Fish could be off the menu permanently if we don’t figure out a way to feed them properly.
Luckily, a California company called Two X Sea could have a solution. With the help of Rick Barrows, a USDA scientist who has made fish nutrition his life’s work, Two X Sea developed the first completely vegetarian fish feed to be used commercially in the U.S. This vegetarian feed is made of soybean, algae, pistachio oil, flax, and flax oil.
The only drawback to this new and improved fishmeal replacement is that it costs about twice as much as the traditional version. However, if fish farmers want to remain in business down the road, and not continually use fishmeal made from depleting forage fish populations, they would be wise to hop on the vegetarian feed train now.
Start spreading the word
While a lot of these sustainable solutions have great potential to feed the hungry, lower greenhouse gas emissions, and provide jobs, they aren’t going to be sufficient for addressing food crises all by themselves.

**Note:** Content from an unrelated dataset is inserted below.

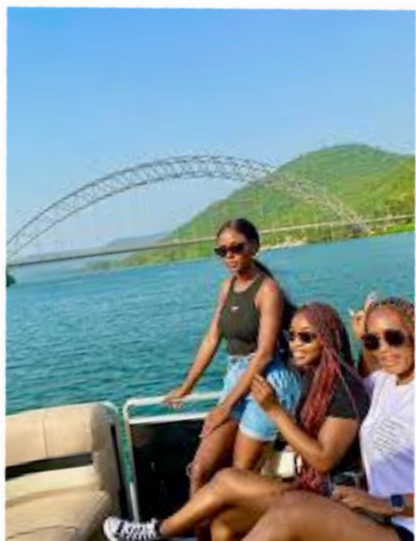
Day trip to Akosombo Volta Lake cruise
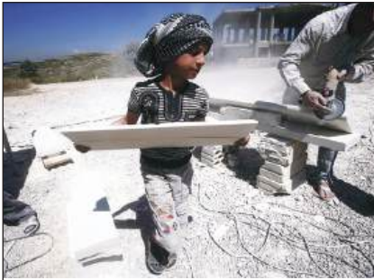
Figure 1: https://www.dailyexcelsior.com/

Now more than ever, the average citizen needs to get involved.
Do you think your town would benefit from having an urban greenhouse farm? There could already be a push within your community to have one built—if so, help them to spread the word through social media and online blogs or forums.
Are there vacant lots and empty backyards in your neighborhood or on your city block? Would growing produce in these areas be feasible and affordable for your neighbors? If you live in a compact downtown apartment building, is a rooftop garden a possibility? Even if it isn’t, go online and find out more information about which cities encourage green rooftops (Chicago), and implement a plan to bring them to your city (or at least discuss with your friends about how great it would be).
As for sustainable food choices the future holds for us, like algae and lab-grown beef, simply talking about these breakthroughs with coworkers and friends and sharing articles over the internet will help to spread awareness.